You need both of these in your before. The one I had to work for is the intercept of the :cookbook_order method. I had to drill down into the Chef internals to discover this. Keep in mind, this worked for me using Chef 14, but there is no guarantee that this will be future-safe. After upgrading Chef you might have to find another solution, if the implementation of CookbookCompiler ever changes. (The intercept of Chef::Recipe.include_recipe however is a supported API and therefore should be at least somewhat future-safe.)
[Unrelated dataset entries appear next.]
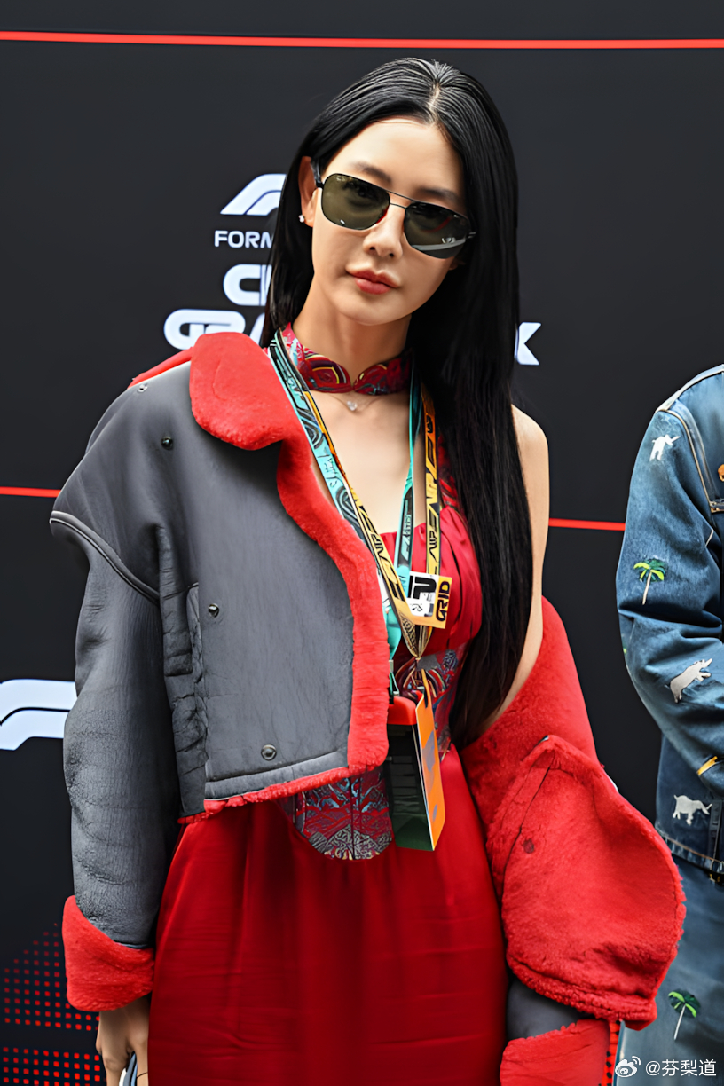 F1正赛F1中国大奖赛前国门赵丽娜和前F1车手库特哈德围场内为某品牌做活动,这身
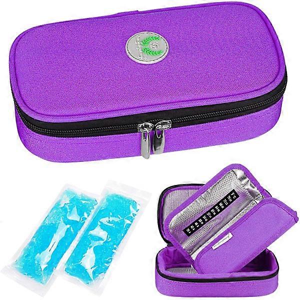 Insulin case for diabetes - Medical insulated portable bag with 2 ice packs (Purple)
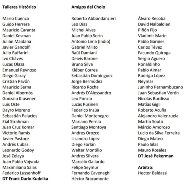 El partido enfrentará al equipo de Talleres histórico, el que será dirigido por el ex entrenador de Universidad de Chile, Frank Kudelka con otro llamado “Amigos del Cholo”, donde estará el mediocampista chileno.
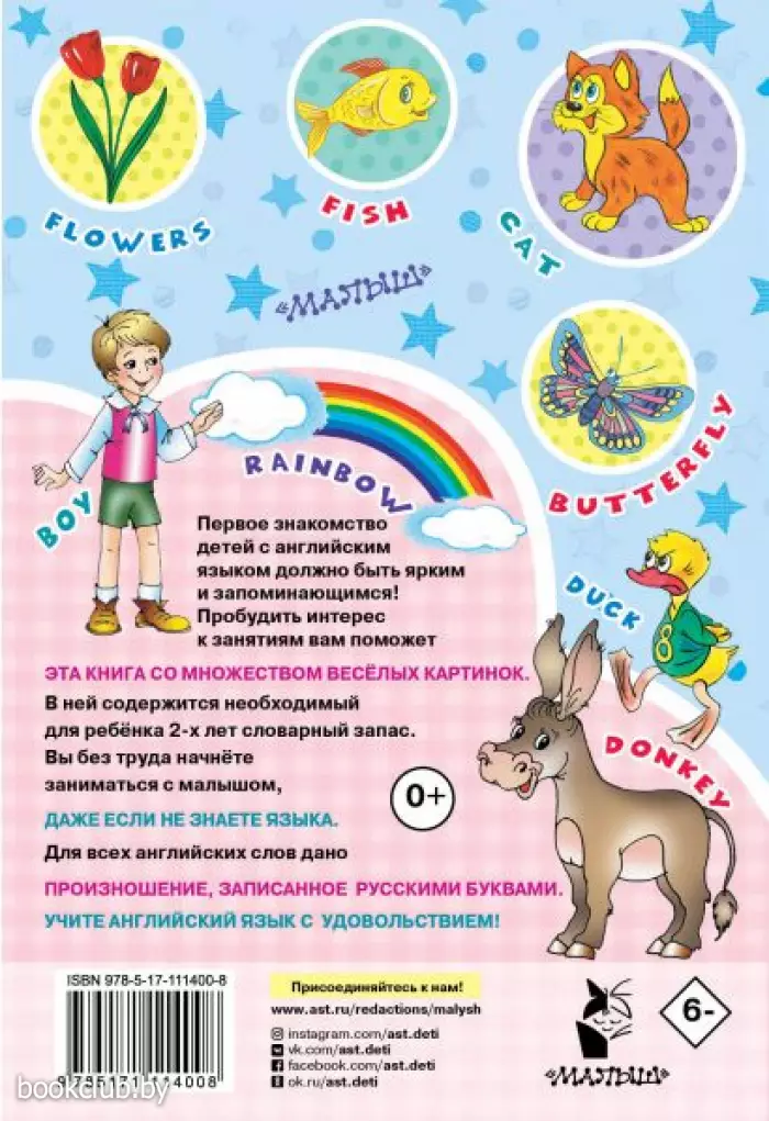 Книга "Английский для малышей в картинках" - это учебное пособие для самых маленьких. Книга рассчитана на детей от двух лет, поэтому в ней подобран соответствующий возрасту словарный запас. Для удобства изучения ко всем словам дано произношение, написанное русскими буквами. Темы тоже хорошо знакомы ребенку. Это приветствие, прощание, семья, дом, природа, времена года, числа, животные, еда, одежда, предметы обихода и многое другое. И, если ребенок еще чего-то не знает, у вас есть возможность изучить это с ним сразу на двух языках. В книге яркие, запоминающиеся иллюстрации, крупный шрифт и плотная бумага.
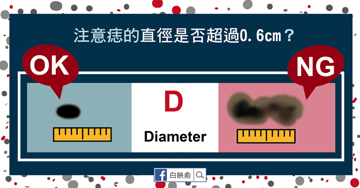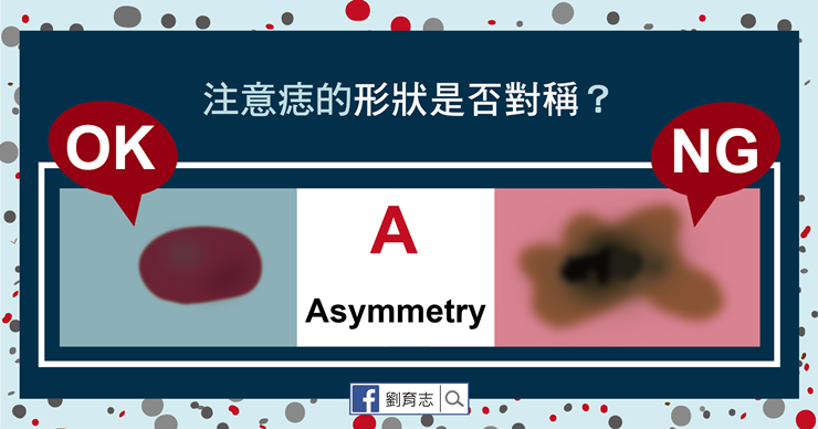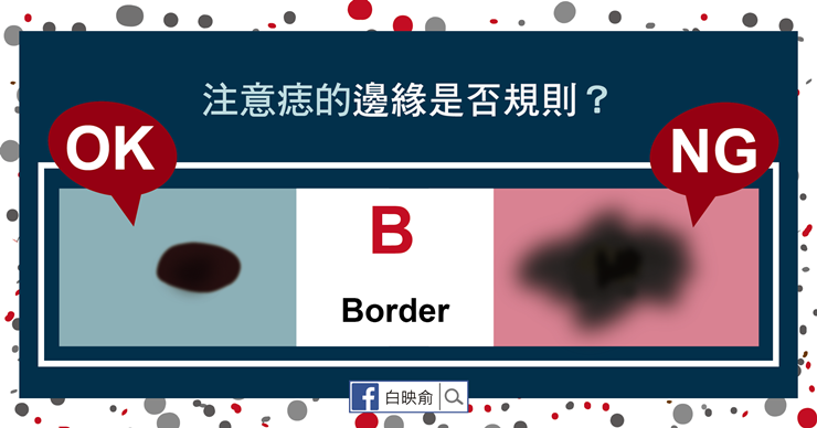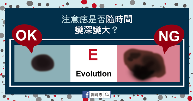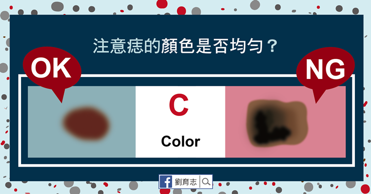 顏色是否很不均勻,或一顆痣裡就有黑、紅、淡色等不同顏色,或顏色跟幾年前比較的話變得愈來愈深。

And, I mention that this comes at a price. (Other than using an unsupported hack!) You will not be able to do any expects for your recipe or attribute includes, except within your own cookbook. A test case like this will fail, because the recipe can't actually be included, as you are preventing that:

it 'includes othercookbook::recipe' do
  expect_any_instance_of(Chef::Recipe).to receive(:include_recipe).with('othercookbook::recipe')
end

Also, you must now satisfy in your before blocks all attributes and other preconditions that might otherwise be fulfilled by other recipes in your run list. So you may be signing yourself up for considerable pain by doing this. But, once you have finished, you will have much less brittle tests. (Although to achieve 100% purity regarding external dependencies, you must also surrender fauxhai, which will be even more painful.)